=== STORED DATA ===
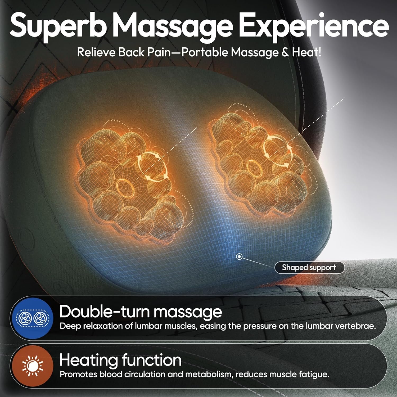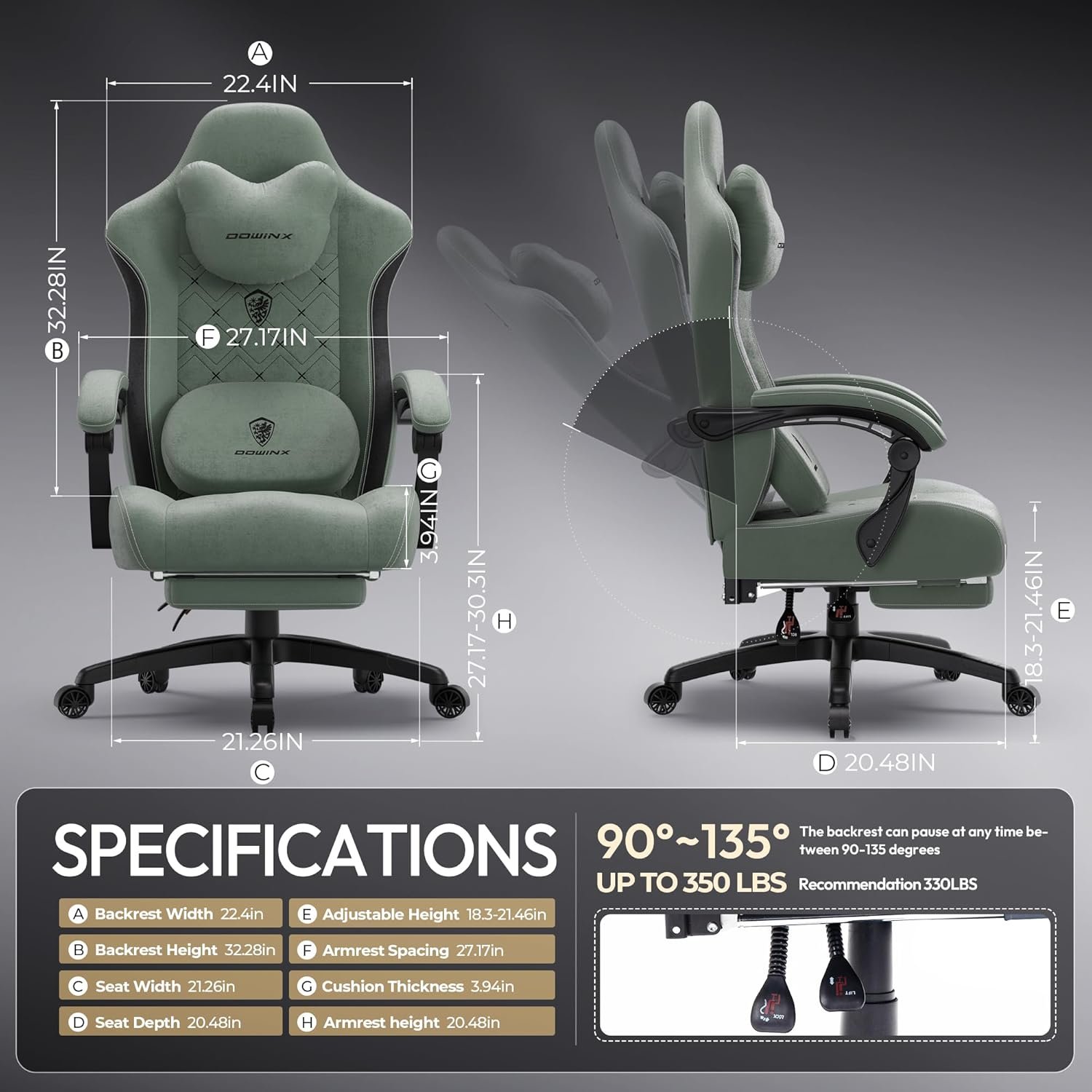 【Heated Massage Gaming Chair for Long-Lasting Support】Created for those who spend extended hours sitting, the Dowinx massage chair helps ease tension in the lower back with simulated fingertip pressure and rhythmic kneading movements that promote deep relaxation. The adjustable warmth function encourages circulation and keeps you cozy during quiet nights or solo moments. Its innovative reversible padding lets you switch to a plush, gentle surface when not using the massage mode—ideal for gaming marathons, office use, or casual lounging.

...

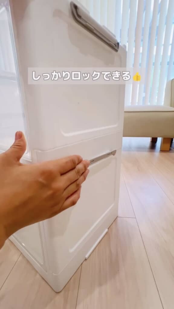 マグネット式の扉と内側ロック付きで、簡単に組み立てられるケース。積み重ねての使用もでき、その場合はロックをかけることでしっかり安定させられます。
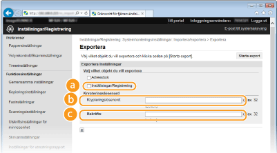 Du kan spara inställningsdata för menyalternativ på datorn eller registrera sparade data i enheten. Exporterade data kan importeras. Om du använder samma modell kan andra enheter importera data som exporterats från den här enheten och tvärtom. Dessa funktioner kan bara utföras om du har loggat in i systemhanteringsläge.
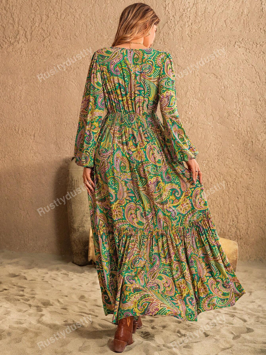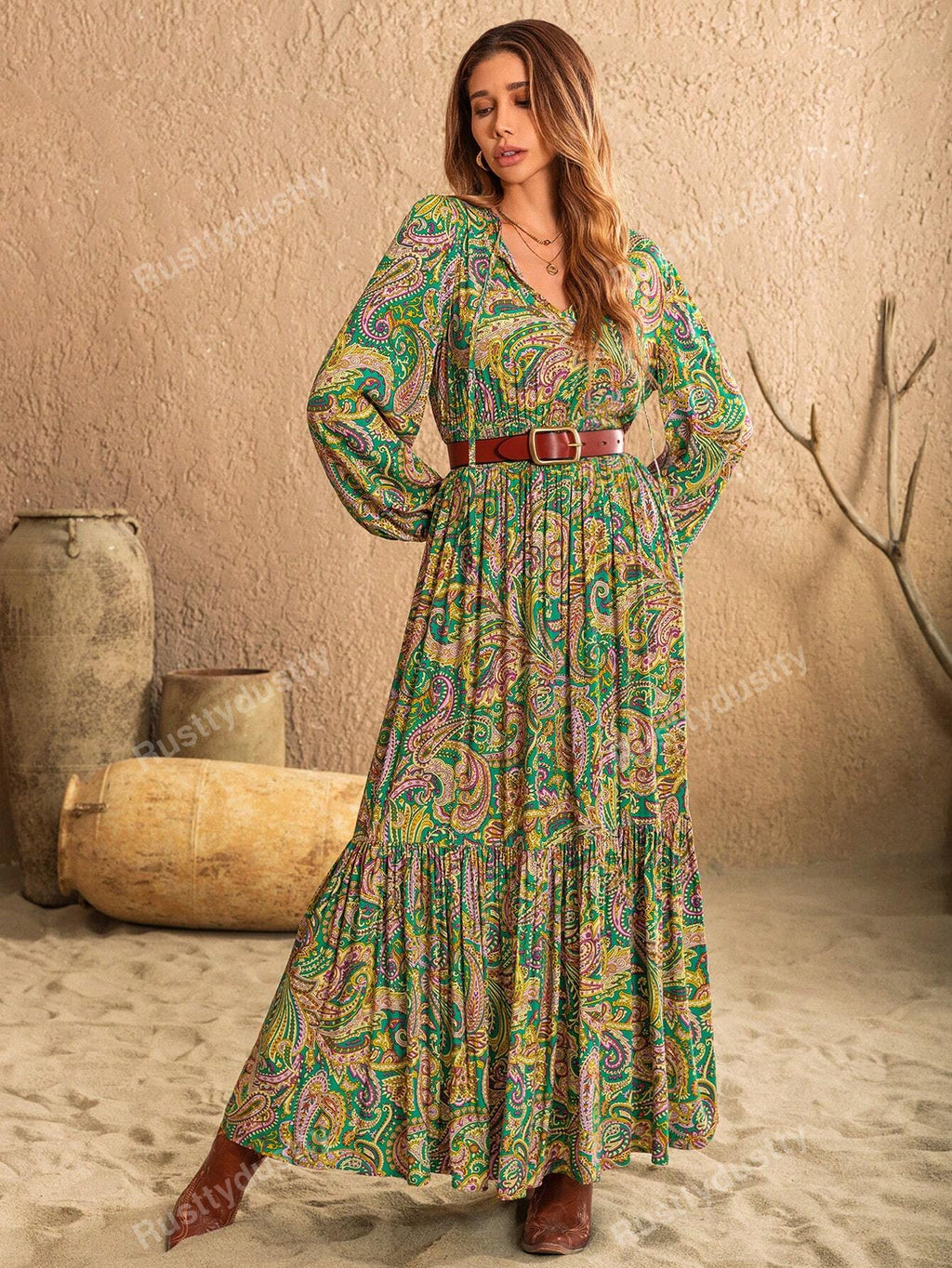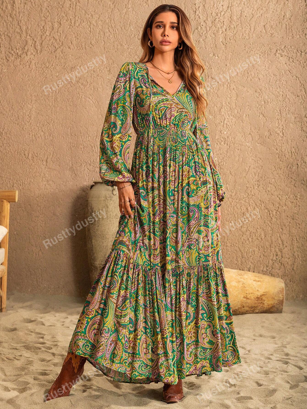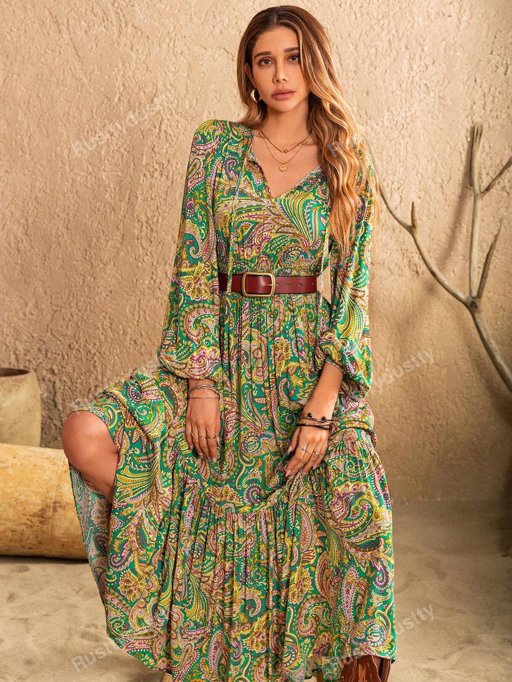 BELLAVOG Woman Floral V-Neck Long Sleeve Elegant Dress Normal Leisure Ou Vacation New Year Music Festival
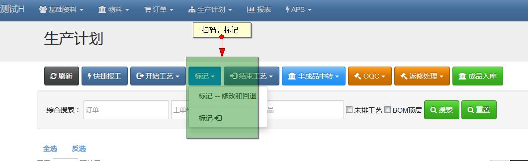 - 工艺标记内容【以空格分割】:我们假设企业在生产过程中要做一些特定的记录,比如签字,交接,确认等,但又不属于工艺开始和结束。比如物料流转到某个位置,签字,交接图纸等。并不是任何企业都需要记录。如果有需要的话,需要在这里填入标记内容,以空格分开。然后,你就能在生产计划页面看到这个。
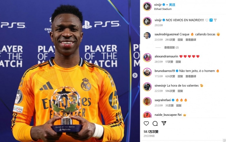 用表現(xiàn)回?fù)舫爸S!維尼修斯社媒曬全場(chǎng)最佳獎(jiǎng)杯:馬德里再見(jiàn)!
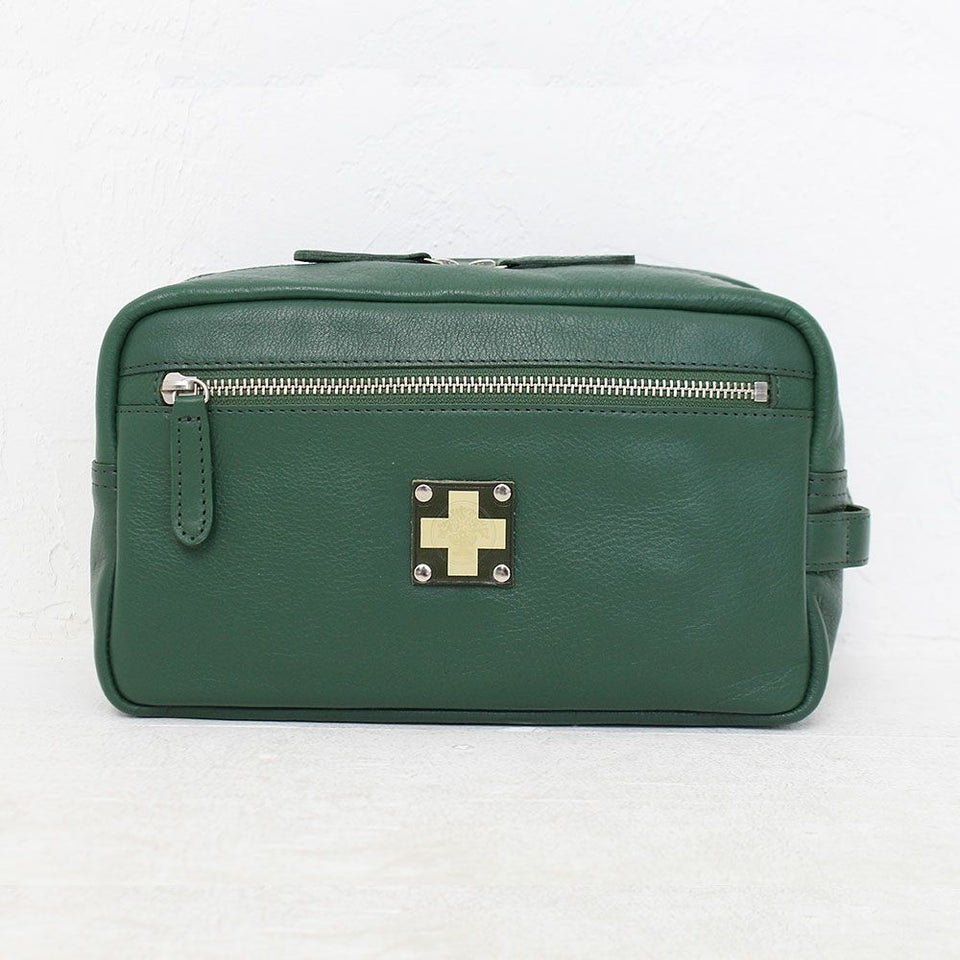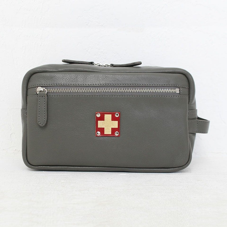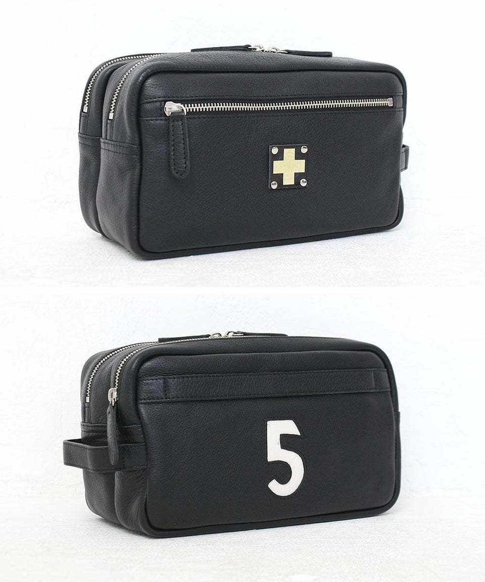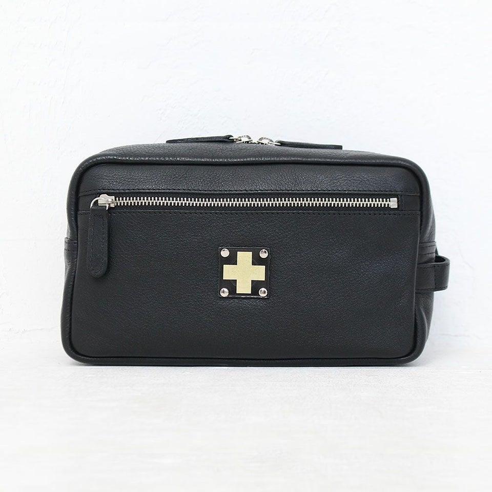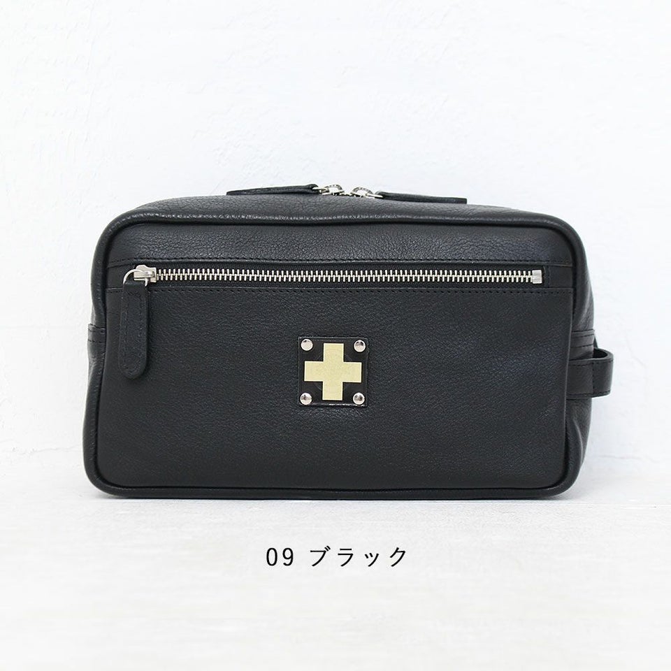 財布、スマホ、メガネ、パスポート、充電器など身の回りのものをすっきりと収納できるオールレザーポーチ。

=== EXERCISE REQUIREMENTS ===
Word for word, repeat the lines above from the one with "Du kan spara" through the one with "財布、スマホ、メガネ、パスポ", and nothing beyond them. Omit the pictures.

=== TASK ANSWER ===
 Du kan spara inställningsdata för menyalternativ på datorn eller registrera sparade data i enheten. Exporterade data kan importeras. Om du använder samma modell kan andra enheter importera data som exporterats från den här enheten och tvärtom. Dessa funktioner kan bara utföras om du har loggat in i systemhanteringsläge.
 BELLAVOG Woman Floral V-Neck Long Sleeve Elegant Dress Normal Leisure Ou Vacation New Year Music Festival
 - 工艺标记内容【以空格分割】:我们假设企业在生产过程中要做一些特定的记录,比如签字,交接,确认等,但又不属于工艺开始和结束。比如物料流转到某个位置,签字,交接图纸等。并不是任何企业都需要记录。如果有需要的话,需要在这里填入标记内容,以空格分开。然后,你就能在生产计划页面看到这个。
 用表現(xiàn)回?fù)舫爸S!維尼修斯社媒曬全場(chǎng)最佳獎(jiǎng)杯:馬德里再見(jiàn)!
 財布、スマホ、メガネ、パスポート、充電器など身の回りのものをすっきりと収納できるオールレザーポーチ。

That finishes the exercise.